Перед ним в страхе отступили коршуны.
Вверху на камне над пустым гнездом неподвижно сидел черный сокол.
Он не смотрел вниз.
Рассказы
Лай
Когда я в первый раз увидел Лая, я подумал, что это волк. Ростом он с волка, и уши у него торчком, как у волка, и масти он серой, волчьей. Только толстый хвост лежит у него на спине кренделем. Но я тогда был маленький и не знал, что такой хвост бывает только у лаек, а у волка он висит книзу тяжелым поленом.
Бабушка объяснила мне, что Лай – волчий пес: отец и мать его – сибирские лайки, а дед был настоящий волк. Потом бабушка стала рассказывать мне, какой Лай умница, какой он верный и добрый друг. На охоте ему цены нет и дома тоже. Бабушка рассказала мне всю его жизнь.
Мой отец был сибиряк, охотник и зверолов.
Однажды зимой он шел тайгой и вдруг слышит: человек стонет. Отец подошел к кустам, откуда слышался стон, и видит – лежит на снегу лось. Мертвый. А за кустами шевелится человек, хочет подняться и не может, стонет.
Отец поднял человека и отнес его в свою избу – юрту. Там он и бабушка ухаживали за раненым, пока тот не выздоровел.
Человек этот оказался звероловом народа манси. Народ этот живет в Сибири, за Уралом. Манси высокие, стройные, горбоносые и все отличные охотники, отлично знают повадки зверей и птиц. Но вот этот человек погорячился – и чуть не погиб.
Он подстрелил лося. Зверь упал, вздрогнул всем телом и затих. Манси не посмотрел, что у лося уши прижаты к голове, и подошел к нему. Вдруг зверь приподнялся и с такой силой ударил его передними ногами, что охотник перелетел через кусты и, как чурка, упал в снег. Страшные копыта сломали ему два ребра.

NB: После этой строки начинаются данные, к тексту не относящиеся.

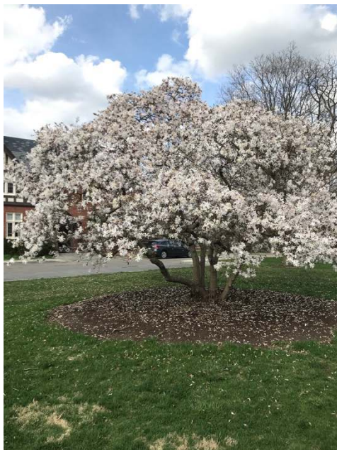
Magnolia tree on Campus

After the planning trip, all the practical things with VISA and J1/J2 applications started, which was a lot. However, the International Scholar Immigration coordinator at the Office of International Affairs and the Human Recourses at OSU/ College of Dentistry was very supportive during this process. Later, I also got information about preparations for insurance and health care. According to the College of Dentistry Protocol I needed obtain/provide proof of Immunizations. To prepare my tasks for the fall, I also asked for the fall 2019 syllabus, which was sent to me my by e-mail. That gave me a good overview of the different subjects where I could co-teaching and observe. In the beginning of August, we left Sweden and after some days, I started my fall semester at the Dental Hygiene Division at OSU.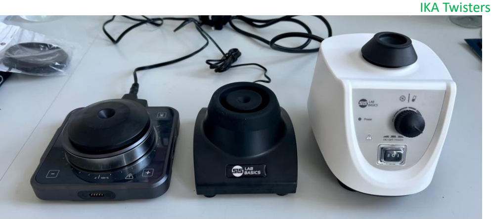
Figure 8. From left to right; the IKA Twister, SLS Vortex Mixers SLS 9602 and SLS 1620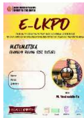
Figure 2 E-LKPD Cover

At the Design Stage, researchers must design E-LKPDs with a problem-based learning approach based on Jambi culture to improve students' mathematical communication skills on flat-sided space-building material. The design or storyboard in making a media is important to do so that the media made is in accordance with what is needed. At this stage, researchers design products in the form of E-LKPD with a problem-based learning approach based on Jambi culture. The initial stages carried out to design E-LKPD are collecting information related to material from various sources, such as books, the internet, or other learning media. The results of the E-LKPD design can be seen in the following figure:

Расставаясь с отцом, Сидорка (так звали манси) сказал:
– Ты спас мне жизнь – чем отплачу тебе? Приходи ко мне через месяц. У меня лайка есть волчьей крови. Скоро у нее будут щенки. Дам тебе, которого сам захочешь. Будет тебе верный друг. И ты ему будь друг. Вдвоем вас никто не одолеет.
Отец приехал к нему через месяц. У лайки было шесть маленьких, еще слепых щенков. Они копошились в углу юрты: черные, пегие, а один – серый.
– Теперь гляди, – сказал Сидорка, положил всех щенят в полу своего полушубка, вынес за дверь и кинул в снег. Дверь в юрту оставил открытой.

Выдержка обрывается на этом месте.